Records contained in a dataset:
---

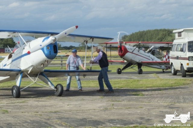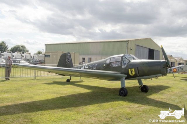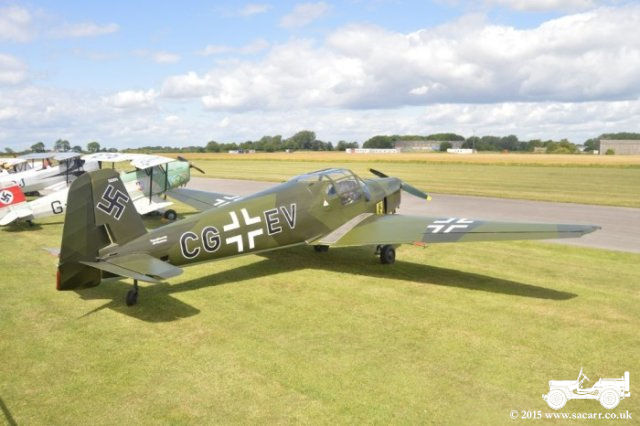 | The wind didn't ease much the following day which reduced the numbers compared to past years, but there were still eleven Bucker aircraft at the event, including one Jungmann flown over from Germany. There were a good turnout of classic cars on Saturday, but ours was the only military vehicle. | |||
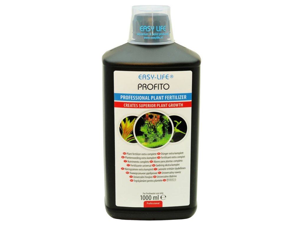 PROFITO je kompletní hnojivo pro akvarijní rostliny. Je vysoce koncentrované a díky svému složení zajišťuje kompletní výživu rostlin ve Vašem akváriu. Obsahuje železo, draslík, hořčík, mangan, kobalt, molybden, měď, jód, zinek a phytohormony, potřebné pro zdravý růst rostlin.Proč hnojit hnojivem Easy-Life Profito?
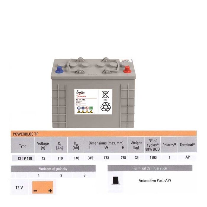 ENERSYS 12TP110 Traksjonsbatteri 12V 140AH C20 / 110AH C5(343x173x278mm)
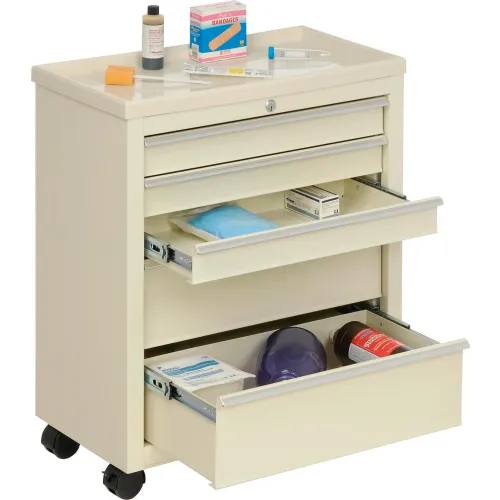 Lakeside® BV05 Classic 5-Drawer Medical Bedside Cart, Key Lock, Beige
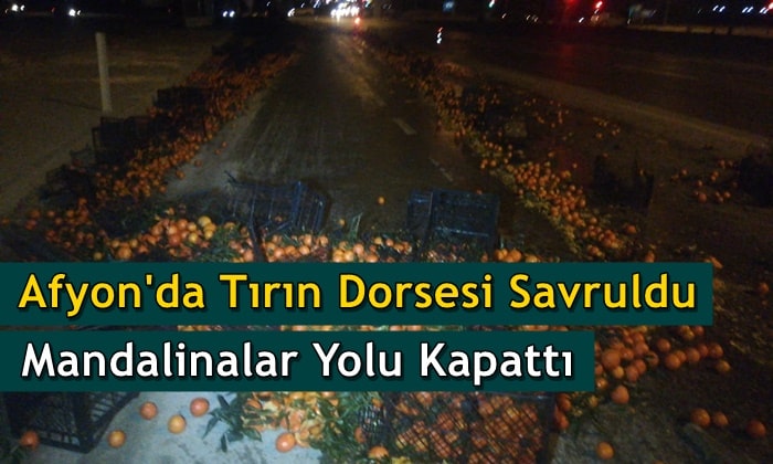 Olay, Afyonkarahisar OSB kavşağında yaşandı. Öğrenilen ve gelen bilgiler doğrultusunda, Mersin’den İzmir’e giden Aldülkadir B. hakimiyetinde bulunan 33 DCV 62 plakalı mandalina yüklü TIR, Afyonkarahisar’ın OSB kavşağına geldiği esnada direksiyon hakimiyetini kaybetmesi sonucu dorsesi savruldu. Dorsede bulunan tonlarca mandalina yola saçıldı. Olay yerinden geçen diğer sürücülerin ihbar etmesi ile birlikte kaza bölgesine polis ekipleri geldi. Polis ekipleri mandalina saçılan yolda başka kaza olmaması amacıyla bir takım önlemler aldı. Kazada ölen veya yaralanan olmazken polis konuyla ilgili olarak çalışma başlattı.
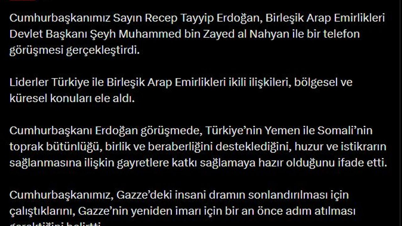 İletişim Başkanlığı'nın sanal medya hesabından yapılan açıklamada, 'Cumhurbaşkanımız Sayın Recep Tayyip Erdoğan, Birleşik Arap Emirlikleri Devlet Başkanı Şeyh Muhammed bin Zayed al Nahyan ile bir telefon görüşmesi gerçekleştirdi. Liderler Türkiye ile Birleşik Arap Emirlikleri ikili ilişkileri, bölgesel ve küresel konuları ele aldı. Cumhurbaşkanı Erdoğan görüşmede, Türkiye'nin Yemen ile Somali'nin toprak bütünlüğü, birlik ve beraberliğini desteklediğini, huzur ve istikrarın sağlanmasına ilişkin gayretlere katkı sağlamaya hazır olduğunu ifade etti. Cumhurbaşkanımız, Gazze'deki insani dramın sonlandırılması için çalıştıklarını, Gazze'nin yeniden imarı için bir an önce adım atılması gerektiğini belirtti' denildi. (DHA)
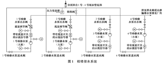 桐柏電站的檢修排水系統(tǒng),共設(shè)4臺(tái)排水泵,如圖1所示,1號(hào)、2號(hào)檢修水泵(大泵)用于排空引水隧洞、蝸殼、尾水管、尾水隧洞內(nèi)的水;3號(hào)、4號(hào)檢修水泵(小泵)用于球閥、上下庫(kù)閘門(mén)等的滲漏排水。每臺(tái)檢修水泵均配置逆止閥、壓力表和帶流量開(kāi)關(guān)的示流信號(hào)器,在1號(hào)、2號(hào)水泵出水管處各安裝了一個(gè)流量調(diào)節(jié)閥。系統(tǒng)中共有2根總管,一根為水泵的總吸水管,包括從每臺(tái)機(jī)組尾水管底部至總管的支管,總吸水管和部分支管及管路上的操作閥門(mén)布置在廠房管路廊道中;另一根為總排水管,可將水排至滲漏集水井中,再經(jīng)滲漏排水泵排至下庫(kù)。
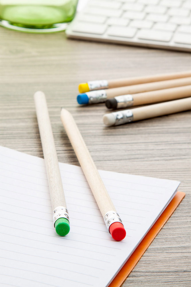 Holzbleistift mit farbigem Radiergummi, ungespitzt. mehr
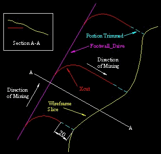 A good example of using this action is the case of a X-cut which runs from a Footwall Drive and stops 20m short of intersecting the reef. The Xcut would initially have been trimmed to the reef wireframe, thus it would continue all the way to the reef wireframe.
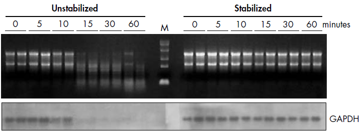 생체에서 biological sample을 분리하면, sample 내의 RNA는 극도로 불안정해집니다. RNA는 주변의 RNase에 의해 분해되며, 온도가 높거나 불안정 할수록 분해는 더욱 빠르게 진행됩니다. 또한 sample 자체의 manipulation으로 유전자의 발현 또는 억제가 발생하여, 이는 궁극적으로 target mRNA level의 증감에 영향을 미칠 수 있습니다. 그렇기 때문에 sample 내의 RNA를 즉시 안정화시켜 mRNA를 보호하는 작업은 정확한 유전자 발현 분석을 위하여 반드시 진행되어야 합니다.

---

### Your task
Repeat the data above exactly; images are not part of the copy.

### Answer for this exercise
 | The wind didn't ease much the following day which reduced the numbers compared to past years, but there were still eleven Bucker aircraft at the event, including one Jungmann flown over from Germany. There were a good turnout of classic cars on Saturday, but ours was the only military vehicle. | |||
 PROFITO je kompletní hnojivo pro akvarijní rostliny. Je vysoce koncentrované a díky svému složení zajišťuje kompletní výživu rostlin ve Vašem akváriu. Obsahuje železo, draslík, hořčík, mangan, kobalt, molybden, měď, jód, zinek a phytohormony, potřebné pro zdravý růst rostlin.Proč hnojit hnojivem Easy-Life Profito?
 ENERSYS 12TP110 Traksjonsbatteri 12V 140AH C20 / 110AH C5(343x173x278mm)
 Lakeside® BV05 Classic 5-Drawer Medical Bedside Cart, Key Lock, Beige
 Olay, Afyonkarahisar OSB kavşağında yaşandı. Öğrenilen ve gelen bilgiler doğrultusunda, Mersin’den İzmir’e giden Aldülkadir B. hakimiyetinde bulunan 33 DCV 62 plakalı mandalina yüklü TIR, Afyonkarahisar’ın OSB kavşağına geldiği esnada direksiyon hakimiyetini kaybetmesi sonucu dorsesi savruldu. Dorsede bulunan tonlarca mandalina yola saçıldı. Olay yerinden geçen diğer sürücülerin ihbar etmesi ile birlikte kaza bölgesine polis ekipleri geldi. Polis ekipleri mandalina saçılan yolda başka kaza olmaması amacıyla bir takım önlemler aldı. Kazada ölen veya yaralanan olmazken polis konuyla ilgili olarak çalışma başlattı.
 İletişim Başkanlığı'nın sanal medya hesabından yapılan açıklamada, 'Cumhurbaşkanımız Sayın Recep Tayyip Erdoğan, Birleşik Arap Emirlikleri Devlet Başkanı Şeyh Muhammed bin Zayed al Nahyan ile bir telefon görüşmesi gerçekleştirdi. Liderler Türkiye ile Birleşik Arap Emirlikleri ikili ilişkileri, bölgesel ve küresel konuları ele aldı. Cumhurbaşkanı Erdoğan görüşmede, Türkiye'nin Yemen ile Somali'nin toprak bütünlüğü, birlik ve beraberliğini desteklediğini, huzur ve istikrarın sağlanmasına ilişkin gayretlere katkı sağlamaya hazır olduğunu ifade etti. Cumhurbaşkanımız, Gazze'deki insani dramın sonlandırılması için çalıştıklarını, Gazze'nin yeniden imarı için bir an önce adım atılması gerektiğini belirtti' denildi. (DHA)
 桐柏電站的檢修排水系統(tǒng),共設(shè)4臺(tái)排水泵,如圖1所示,1號(hào)、2號(hào)檢修水泵(大泵)用于排空引水隧洞、蝸殼、尾水管、尾水隧洞內(nèi)的水;3號(hào)、4號(hào)檢修水泵(小泵)用于球閥、上下庫(kù)閘門(mén)等的滲漏排水。每臺(tái)檢修水泵均配置逆止閥、壓力表和帶流量開(kāi)關(guān)的示流信號(hào)器,在1號(hào)、2號(hào)水泵出水管處各安裝了一個(gè)流量調(diào)節(jié)閥。系統(tǒng)中共有2根總管,一根為水泵的總吸水管,包括從每臺(tái)機(jī)組尾水管底部至總管的支管,總吸水管和部分支管及管路上的操作閥門(mén)布置在廠房管路廊道中;另一根為總排水管,可將水排至滲漏集水井中,再經(jīng)滲漏排水泵排至下庫(kù)。
 Holzbleistift mit farbigem Radiergummi, ungespitzt. mehr
 A good example of using this action is the case of a X-cut which runs from a Footwall Drive and stops 20m short of intersecting the reef. The Xcut would initially have been trimmed to the reef wireframe, thus it would continue all the way to the reef wireframe.
 생체에서 biological sample을 분리하면, sample 내의 RNA는 극도로 불안정해집니다. RNA는 주변의 RNase에 의해 분해되며, 온도가 높거나 불안정 할수록 분해는 더욱 빠르게 진행됩니다. 또한 sample 자체의 manipulation으로 유전자의 발현 또는 억제가 발생하여, 이는 궁극적으로 target mRNA level의 증감에 영향을 미칠 수 있습니다. 그렇기 때문에 sample 내의 RNA를 즉시 안정화시켜 mRNA를 보호하는 작업은 정확한 유전자 발현 분석을 위하여 반드시 진행되어야 합니다.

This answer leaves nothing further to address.